Over the decades, wireless communication systems have become more and more technologically advanced, with performance increasing in terms of smaller size, operation at higher frequencies and the accompanying increase in bandwidth, lower power consumption for a given power output, and robustness, among other factors. The trend toward better communication systems puts ever-greater demands on the manufacturers of these systems.
Today, the demands of satellite, military, and other cutting-edge digital communication systems are being met with microwave technology, which typically operates at frequencies from approximately 500 MHz to approximately 60 GHz or higher. Many of these systems use couplers, such as directional couplers, in their microwave circuitry.

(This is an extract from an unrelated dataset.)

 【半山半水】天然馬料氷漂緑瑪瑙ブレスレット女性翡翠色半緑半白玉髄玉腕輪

Traditional couplers, especially those that operate at lower frequencies, typically require a relatively long parts housing size (i.e. a long packaging size) since coupling between lines is often required over a long distance.

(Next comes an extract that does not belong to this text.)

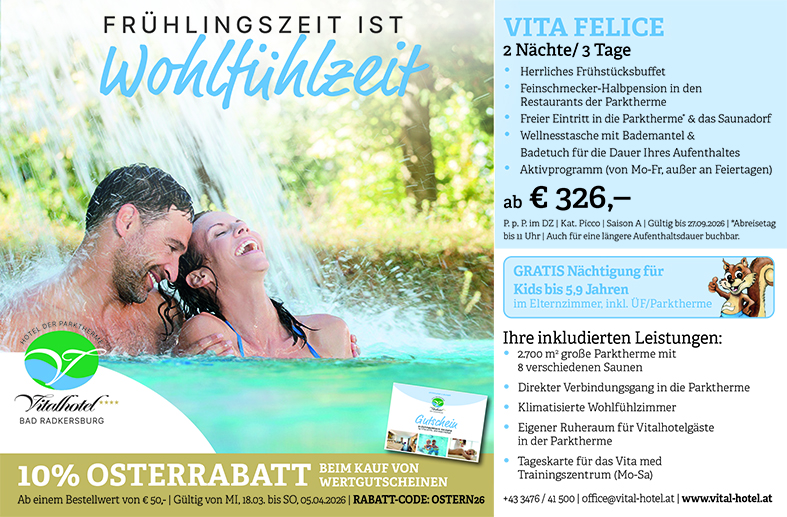 Das ****Vitalhotel der Parktherme Bad Radkersburg, im Süden der Steiermark, bietet seinen Gästen alles, was einen unvergesslichen Aufenthalt ausmacht: ein herrliches Sekt-Frühstücksbuffet mit einer Auswahl aus über 150 Speisen und Getränken, den direkten Verbindungsgang zur angeschlossenen Parktherme mit weitläufigem Saunadorf, eine hauseigene Wellnessabteilung, kulinarischen Genuss im Rahmen der Halbpension, eine gemütliche Lobby zum Verweilen, klimatisierte Wohlfühlzimmer, echte Gastfreundschaft sowie puren Genuss und Entspannung. Egal, ob Sie allein, zu zweit oder mit der ganzen Familie anreisen – das Vitalhotel begeistert mit vielfältigen Angeboten und seiner einmaligen Lage direkt an der Parktherme.

Popular technologies for microwave technologies include low temperature co-fired ceramic (LTCC), ceramic/polyamide (CP), epoxy fiberglass (FR4), fluoropolymer composites (PTFE), and mixed dielectric (MDk, a combination of FR4 and PTFE). Each technology has its strengths, but no current technology addresses all of the challenges of designing and manufacturing microwave circuits.
For example, multilayer printed circuit boards using FR4, PTFE, or MDk technologies are often used to route signals to components that are mounted on the surface by way of soldered connections of conductive polymers. For these circuits, resistors can be screen-printed or etched, and may be buried. These technologies can form multifunction modules (MCM) which carry monolithic microwave integrated circuits (MMICs) and can be mounted on a motherboard.
Although FR4 has low costs associated with it and is easy to machine, it is typically not suited for microwave frequencies, due to a high loss tangent and a high correlation between the material's dielectric constant and temperature. There is also a tendency to have coefficient of thermal expansion (CTE) differentials that cause mismatches in an assembly. Even though recent developments in FR4 boards have improved electrical properties, the thermoset films used to bond the layers may limit the types of via hole connections between layers.
Another popular technology is CP, which involves the application of very thin layers of polyamide dielectric and gold metalization onto a ceramic bottom layer containing MMICs. This technology may produce circuitry an order of magnitude smaller than FR4, PTFE, or MDk, and usually works quite well at high microwave frequencies. Semiconductors may be covered with a layer of polyamide. However, design cycles are usually relatively long and costly. Also, CTE differentials often cause mismatches with some mating assemblies.
Finally, LTCC technology, which forms multilayer structures by combining layers of ceramic and gold metalization, also works well at high microwave frequencies. However, as with CP technology, design cycles are usually relatively long and costly, and CTE differentials often cause mismatches with some mating assemblies.
Advances have been made in reducing the size of LTCC couplers and FR4 couplers, by using strip-line spiral-like configurations. Examples of spiral-like configurations for couplers using various technologies may be found in U.S. Pat. No. 3,999,150 to Caragliano et al., U.S. Pat. No. 5,689,217 to Gu et al., and U.S. Pat. No. 5,841,328 to Hayashi, all incorporated herein by reference. However, using spiral-like configurations for couplers based on these technologies have certain limitations, as described below.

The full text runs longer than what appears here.